It is an undeniable reality that data science has been increasingly adopted in sports, and its outcomes have been prolific. What was once a relatively unknown concept two decades ago has totally transformed the industry, which is predicted to be valued at $4.4 billion by 2022 (Sri, 2021). Its popularity is due to its potential application in seemingly every aspect of sports, from scouting a new prodigy to improving a golf swing or predicting the direction of penalty kicks (source).
Laurie Shaw, a former astrophysicist, and Treasury policy adviser in the UK, made headlines in January by joining Premier League champions Manchester City (Harper, 2021). His first-team role is to lead the development of data science, in order to predict future events. Whereas, data science currently is being used to analyze past events.
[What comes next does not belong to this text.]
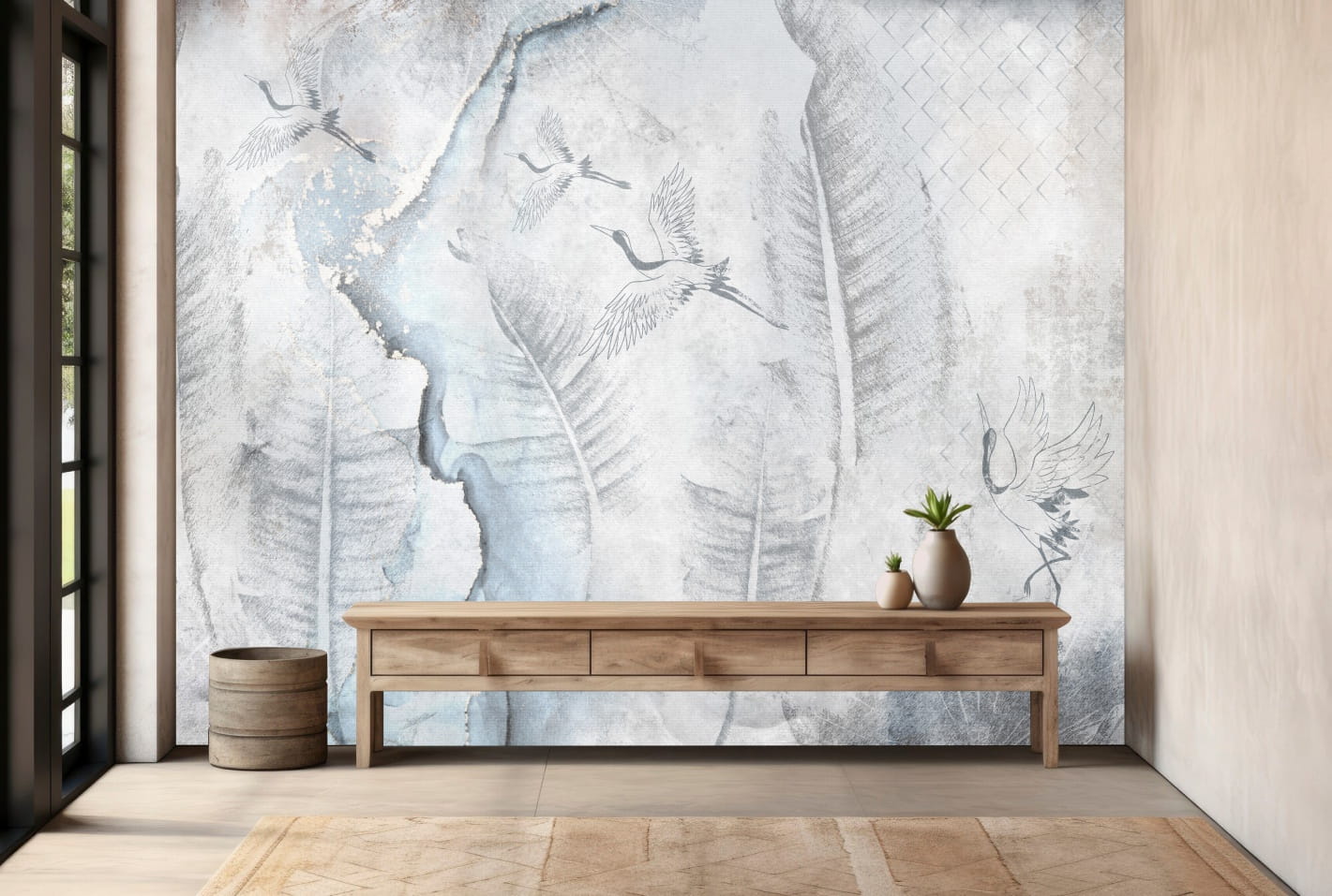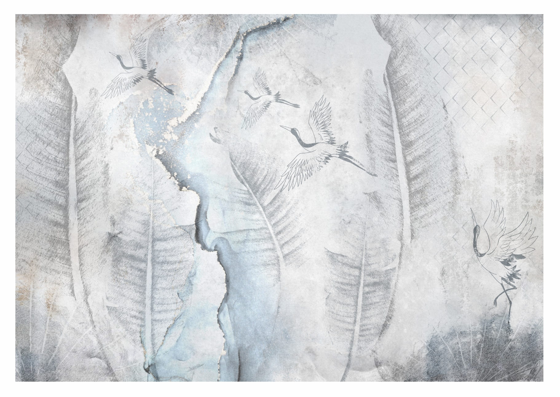 Fototapeta na ścianę ABSTRAKCYJNE LIŚCIE I ŻURAWIE NA BETONIE

Therefore this development has the potential to further enhance the competitive advantage of the English Champions. The signing of such a high-profile data scientist, prompts the question; are data scientists becoming the new golden signings in the football industry? It is absolutely clear that data science is here to stay, and its impact will incrementally grow on an industrial level. What about on a more business level?
In April of 2021, Manchester City captain, Kevin de Bruyne, took the media by storm, ’Kevin De Bruyne uses data analysts to broker £83m Man City contract without an agent (McDonnell, 2021)’. The decision to go against traditional forms of negotiation in sports was previously unseen in European football. The process of negotiation in football mostly follows the hiring of an agent. These individuals are often ruthless and in combination with their strong network, often succeed in fulfilling the demands of the player, at a very high cost. Agents normally take around 5-10% of the negotiated purchasing price and salary (Hendley, 2021). In the case of Kevin de Bruyne, this figure would have exceeded 15+ million pounds.
The football star was able to innovatively leverage his impact from all the games he’s played for the club, in terms of his contributions to the club’s success over the past four years. Whilst also predicting the impact impact in the future and the economic value he will add to the organization. The case of Kevin de Bruyne was the first with a player of such magnitude, in European football. Not only was he able to gain a 30% increase in wage, he also managed to avoid the excessive costs associated with traditional forms of negotiation (Vulpen, 2021). Evidently, the application potential of data science in sports is vast. More recently, it has proved an effective tool for negotiation and will most probably be widely adopted in the future, as it is already doing so in NBA and NFL.
Sources:
Sri, T. (2021). How is big data analytics changing sports?. Selerity. Retrieved 2 October 2021, from https://seleritysas.com/blog/2021/03/27/how-is-big-data-analytics-changing-sports/.
Harper, J. (2021). Data experts are becoming football’s best signings. BBC News. Retrieved 2 October 2021, from https://www.bbc.com/news/business-56164159.
McDonnell, D. (2021). De Bruyne uses data analysts to broker £83m Man City contract without agent. Mirror. Retrieved 2 October 2021, from https://www.mirror.co.uk/sport/football/news/kevin-de-bruyne-uses-data-23870686.
Hendley, A. (2021). How much money football agents earn – and how you become one. Mirror. Retrieved 2 October 2021, from https://www.mirror.co.uk/sport/football/news/how-much-money-football-agents-14580322.
Vulpen, E. (2021). How a Soccer Player Hired Data Scientists for Contract Negotiations | AIHR Blog. AIHR. Retrieved 2 October 2021, from https://www.aihr.com/blog/kevin-de-bruyne/.
It will indeed be very interesting to see how and to what extent hiring data scientists will enhance teams’ competitive advantage in discovering new talents. I see one main critical issue in this approach to talent scouting: we have already seen in basketball, a sport where data science is widely used to scout new young players, that many times the first choices in the NBA draft become so-called “busts”. These quantitative scouting methods, based on scoring averages, passing success rate, rebounds, +/- and so on, often fail because the numbers that players put up in college do not necessarily occur due to great talent, but rather to temporary physical advantage, poor opponents and other factors. It still seems to me that in terms of sports decision, successful talent-scouts should look at more “traditional” aspects of the game like technique, flair, positioning and personality. These features are often hardly quantifiable and thus cannot be addressed efficiently through numerical data analysis.
However, data science does promise great improvements- for players contracts and for football clubs e.g. in terms of revenue and expense management. Anyhow, the right managers need to be hired at the top of the hierarchy to ensure a mindful application of these technologies.